=== Section Start ===
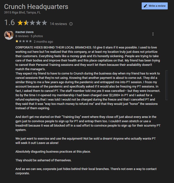 Crunch really needs to reevaluate who they’re putting in charge here, because she is single-handedly making this location feel unprofessional and uninviting. There are plenty of Crunch gyms where the staff actually acknowledges members — this one just isn’t one of them.
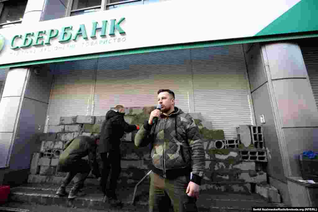 Активісти з прапорами політичної партії «Національний корпус» та «Правого сектору» пікетували головний офіс «Сбербанку» у центрі Києва. Вони замурували центральний вхід до фінустанови бетонними блоками. Минулого тижня «Сбербанк Росії» повідомив, що «готовий до обслуговування осіб, які звернулися з «паспортами» «ДНР» і «ЛНР», у всіх філіях банку». Пізніше агенція «Інтерфакс-Україна» повідомила, що дочірній банк «Сбербанку Росії» в Україні – ПАТ «Сбербанк» – не обслуговує фізичних і юридичних осіб на підставі документів, виданих на непідконтрольних українській владі територіях.
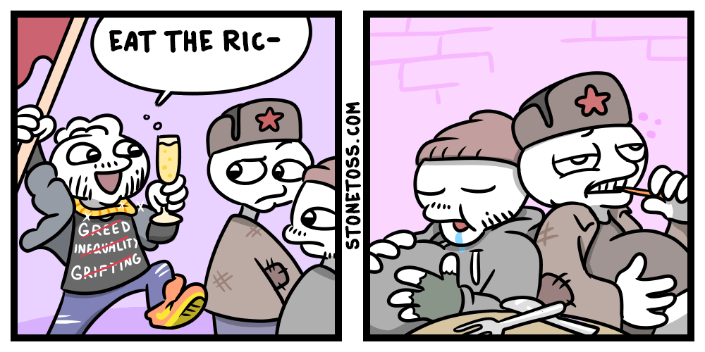 >>758140 Вот с моей колокольни туда НЕОБХОДИМО масло, в котором жарились бы тонны лука, моркови и сельдерея. Ещё можно капусту, она дешман тоже. А ещё к супу подавать надо хотя бы одно целое яйцо и несколько кусков хлеба. Без этого это неполноценное карательное "блюдо" созданое по принципу накидать что-то отдалённо похожее на еду что бы рабы не сдохли с голоду, а то им ещё 16 часов пахать. Если люди и правда так жили раньше, то я полностью понимаю почему богатых начали есть. Респект.
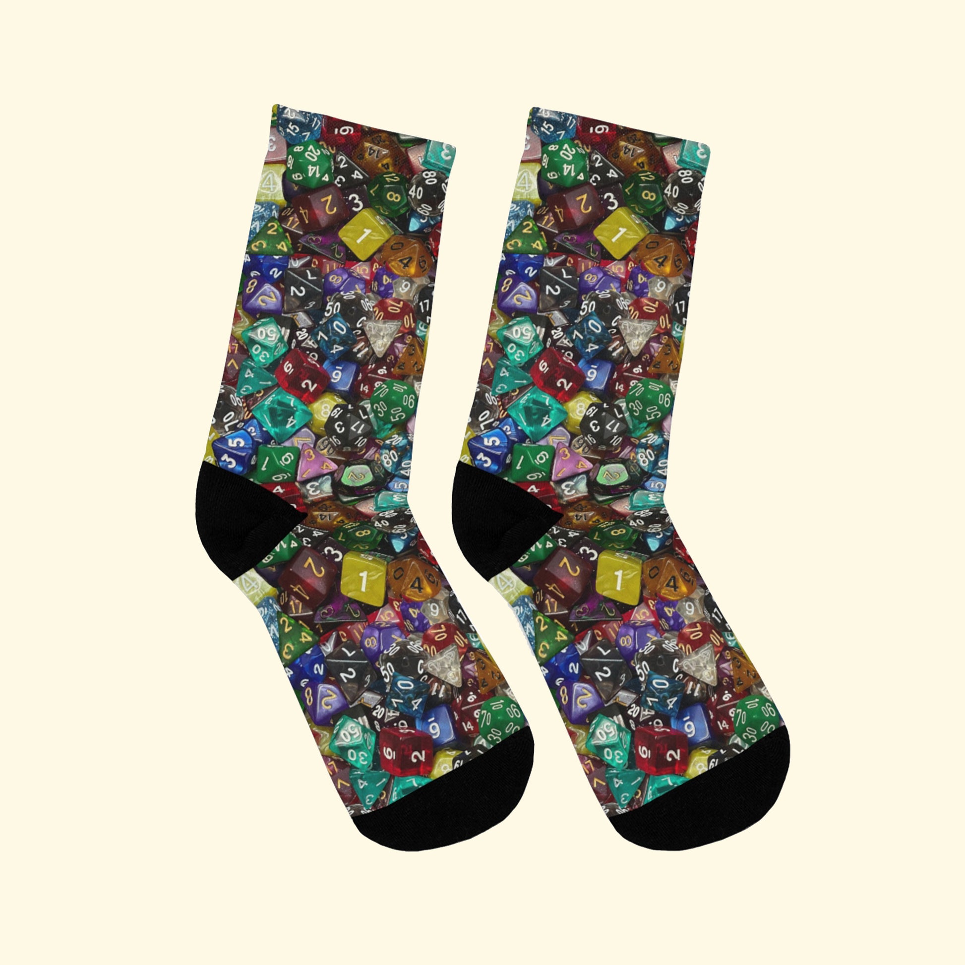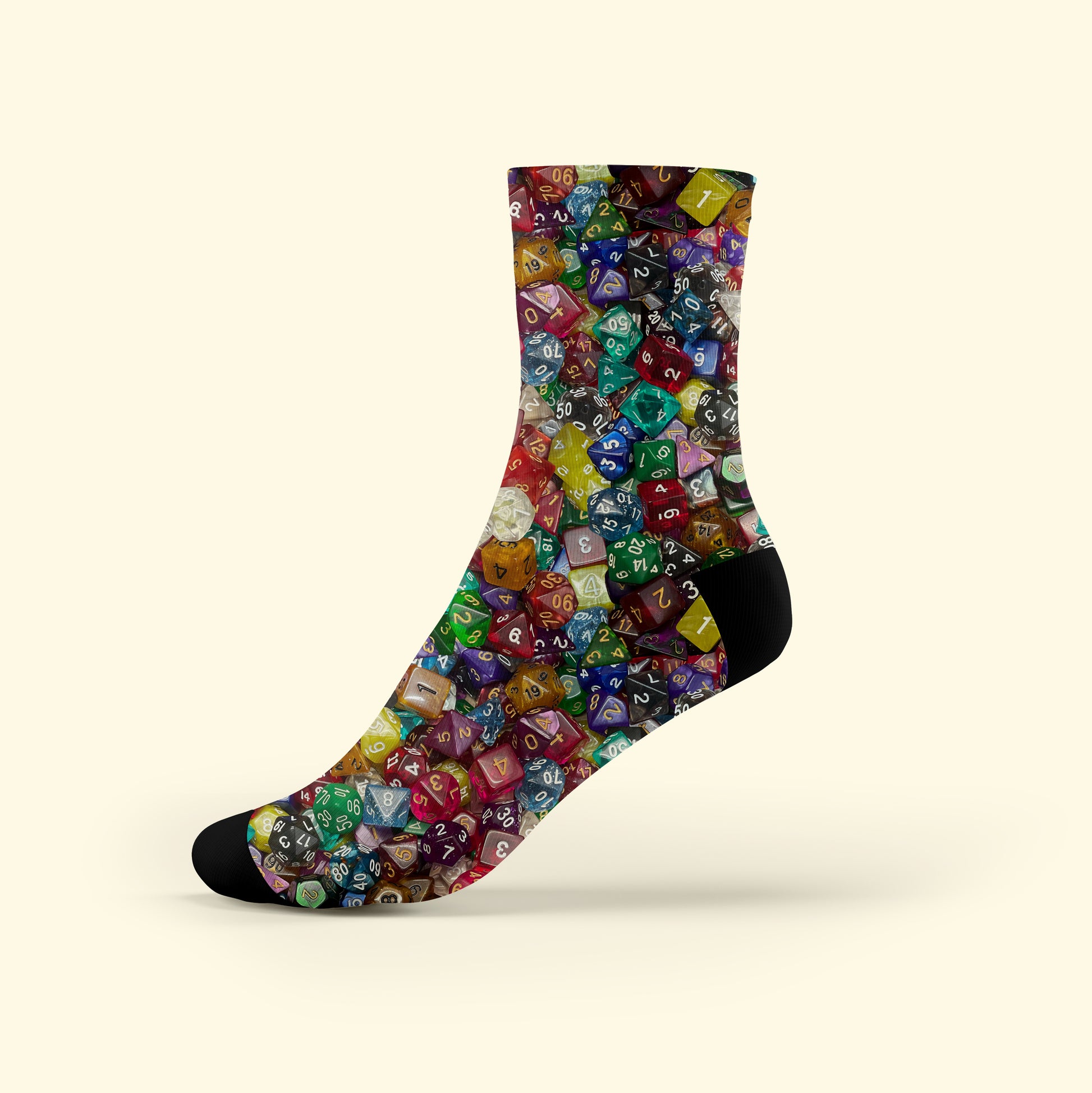 Yes, I do need all these dice. So much so that they have spilled out onto my clothing. This one size fits all socks are perfect for the summer, spring, and fall. They are lightweight and so soft.
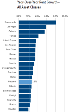 Two-thirds of the top 30 metros by multifamily rent growth are within 100 basis points (bps) of the national average, signifying metro-level rent growth that trends closer to the national median. Sacramento, Calif., sported the strongest YOY rent growth last month, at 8.1%, or over 220 bps above the next metro on the list, Las Vegas, at 5.9%.
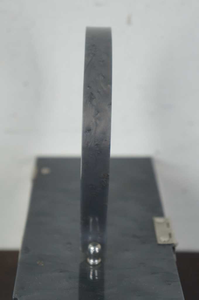 Gray Bakelite Purse. Features a tortoise deisgn with silver framing.
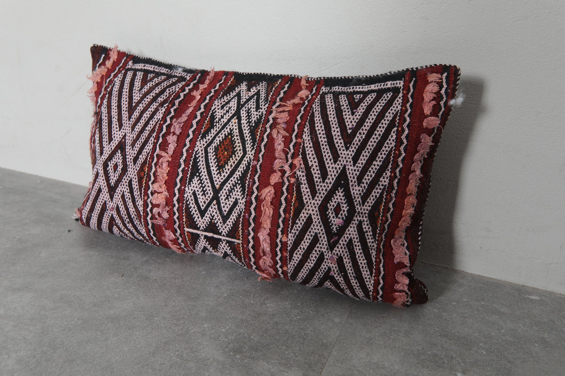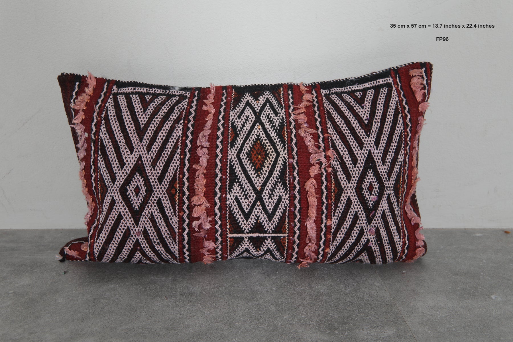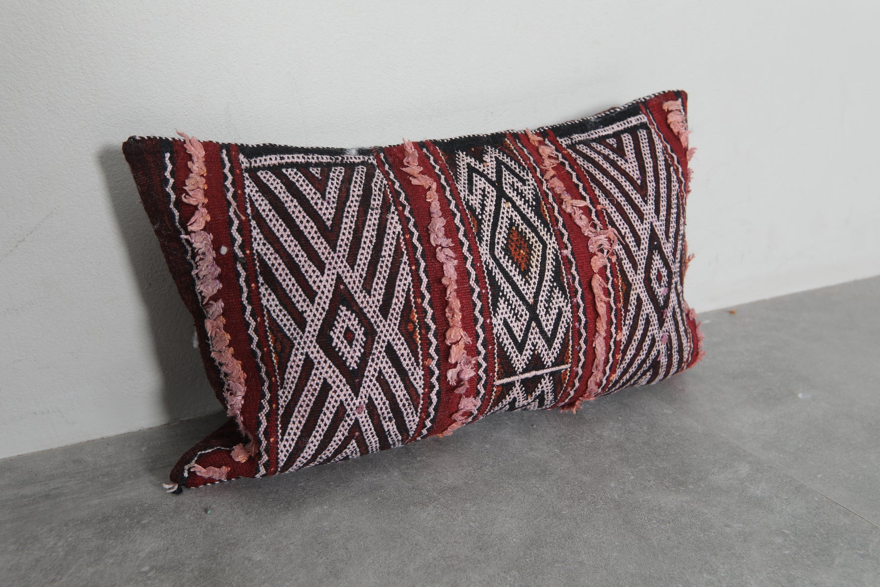Bring a piece of Moroccan artistry into your home with this beautifully handwoven kilim pillow cover. Made by Berber artisans, it features intricate embroidery and traditional weaving techniques, showcasing a rich wool texture that adds warmth and character to any room. Its rectangular shape is perfect for layering or as a standalone accent on sofas, chairs, or beds.
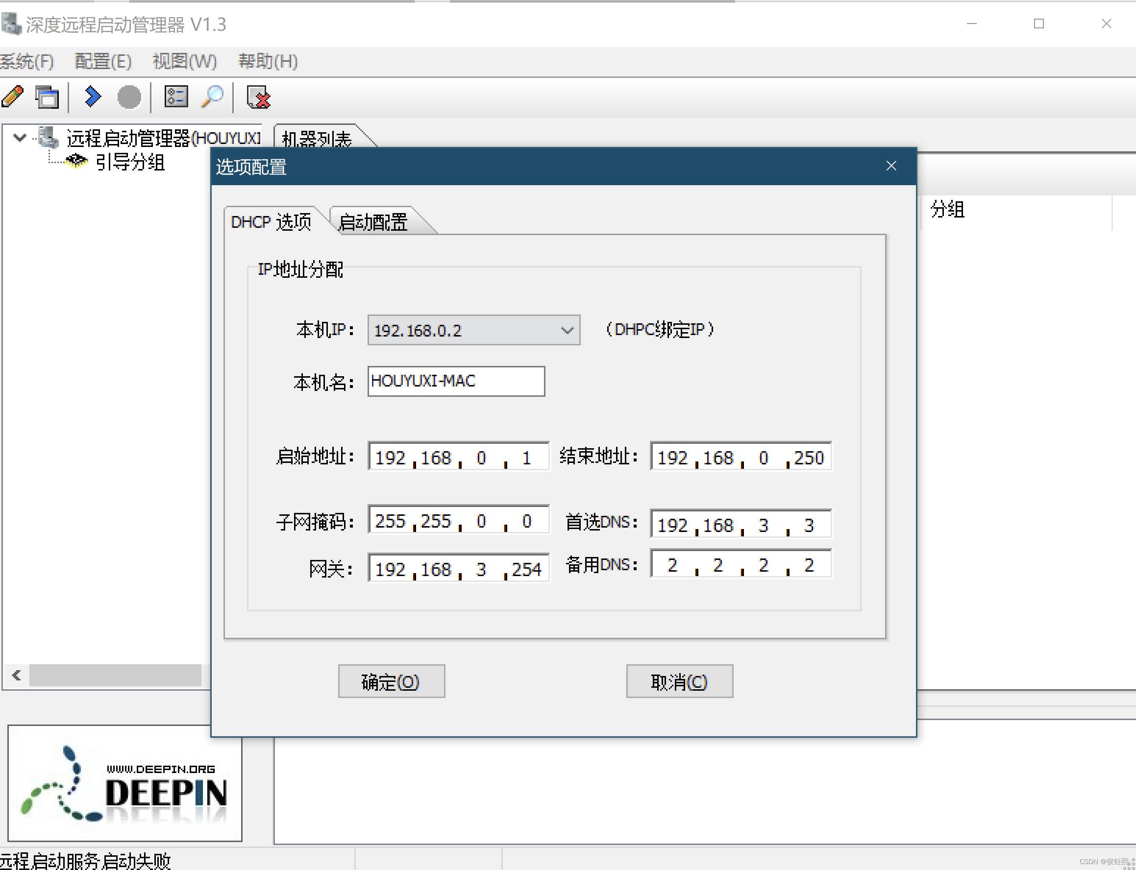 4.1.3、点击“NetbootM”启动软件,点击选项配置配置DHCP;
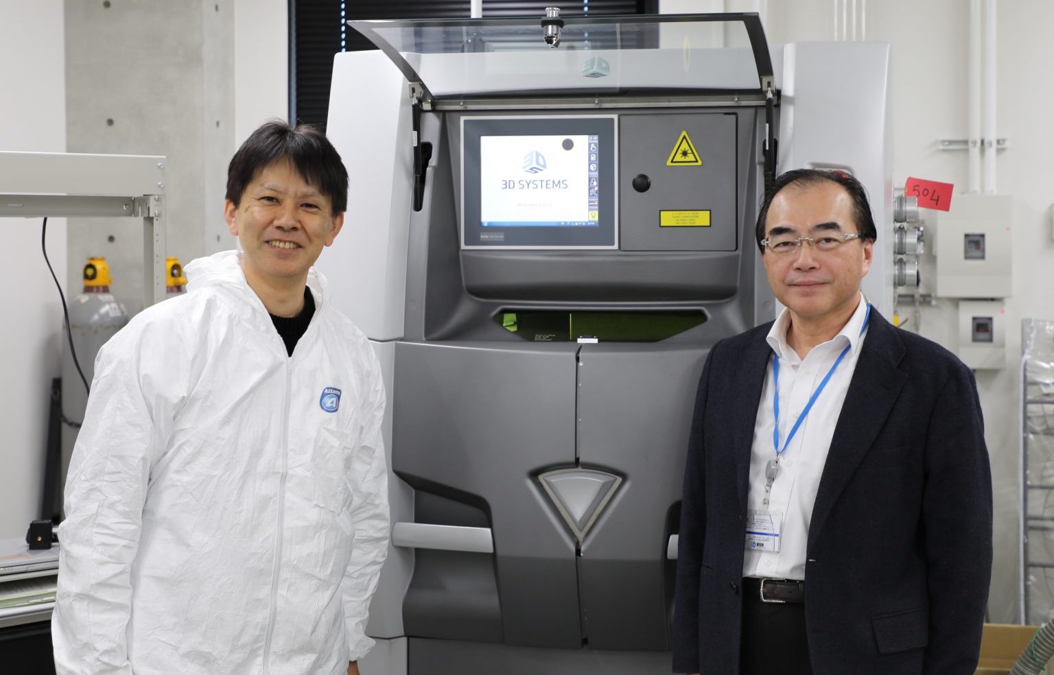 Naoki Takata, a professor at Nagoya University and the lead researcher on the project (left), and Masaki Kato, senior author and division head of Aichi Center for Industry and Science Technology (right), standing in front of the center’s laser 3D printet, which creates stronger, heat-resistant aluminum alloys layer by layer. (Photo: Merle Naidoo, Nagoya University.)
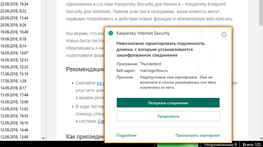 Пользователи Kaspersky Internet Security часто могут это видеть сообщение в нижнем правом углу экране. В некоторых случаях стоит задуматься, стоит ли продолжать соединение (если Вы пытаетесь зайти на неизвестный веб-сайт), но в некоторых его следует игнорировать: если у Вас личный домен почты (@*...
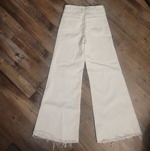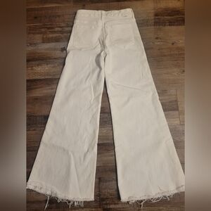Stylish Mother white wide-leg jeans, perfect for any occasion. Enjoy a comfortable fit with a trendy frayed hem.
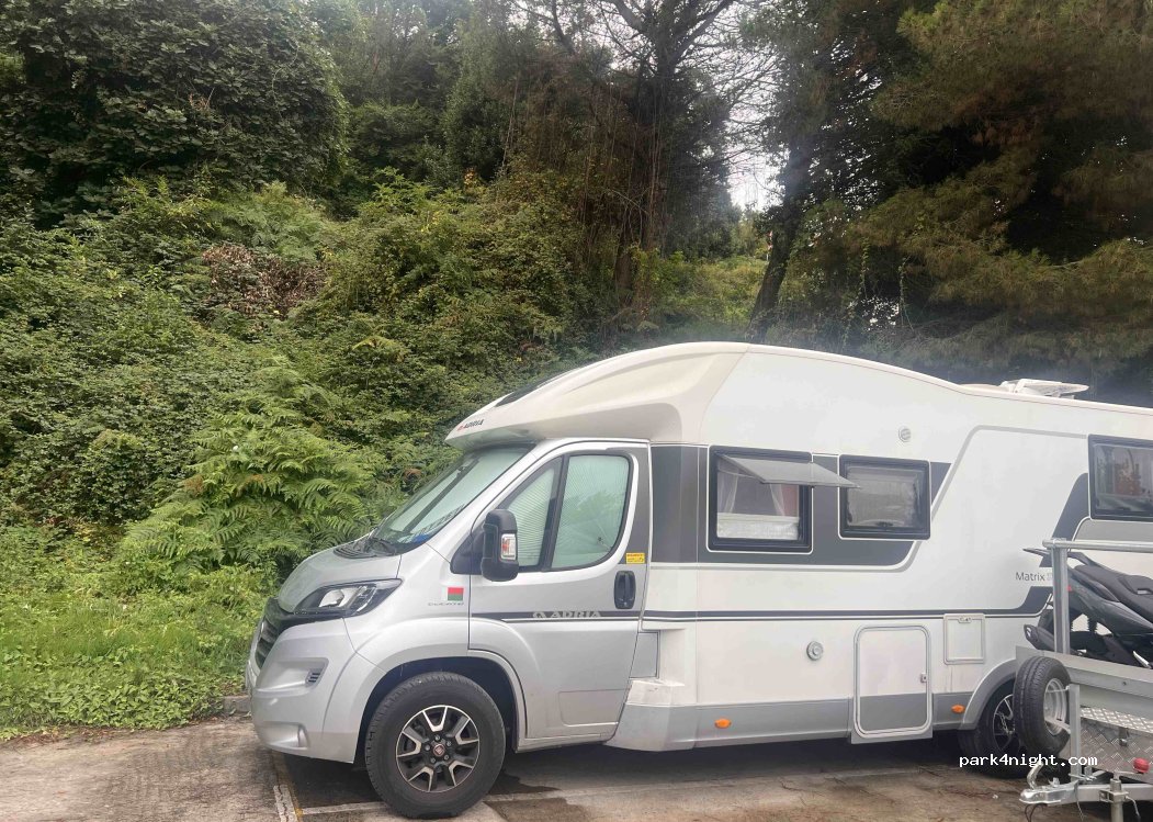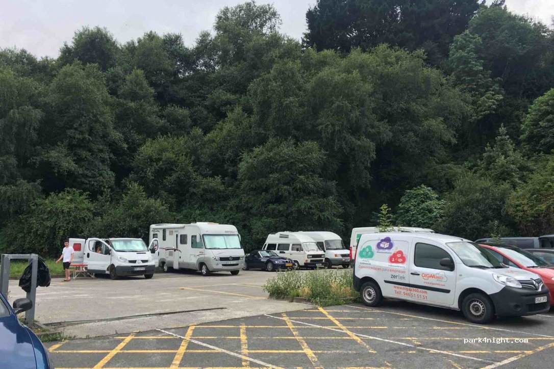 Brilliant place to park. The motorhome site two km away was full. We drove here and parked. Very quiet. Birds singing. Didn't feel unsafe at all. Great place ... and free. Bus stops right outside the entrance. Bilbao was brilliant!
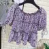 Áo quây nhỏ một bên vai áo voan hoa nữ mùa hè ren-up bong bóng tay ngắn tay áo bé gái ngọt ngào - Áo sơ mi chiffon ren
=== Section End ===
Problem - Restate word for word every line from the one with "Two-thirds of the" up to and including the one with "Gray Bakelite Purse." in the records above, minus the pictures.

Reply to the task -
 Two-thirds of the top 30 metros by multifamily rent growth are within 100 basis points (bps) of the national average, signifying metro-level rent growth that trends closer to the national median. Sacramento, Calif., sported the strongest YOY rent growth last month, at 8.1%, or over 220 bps above the next metro on the list, Las Vegas, at 5.9%.
 Gray Bakelite Purse. Features a tortoise deisgn with silver framing.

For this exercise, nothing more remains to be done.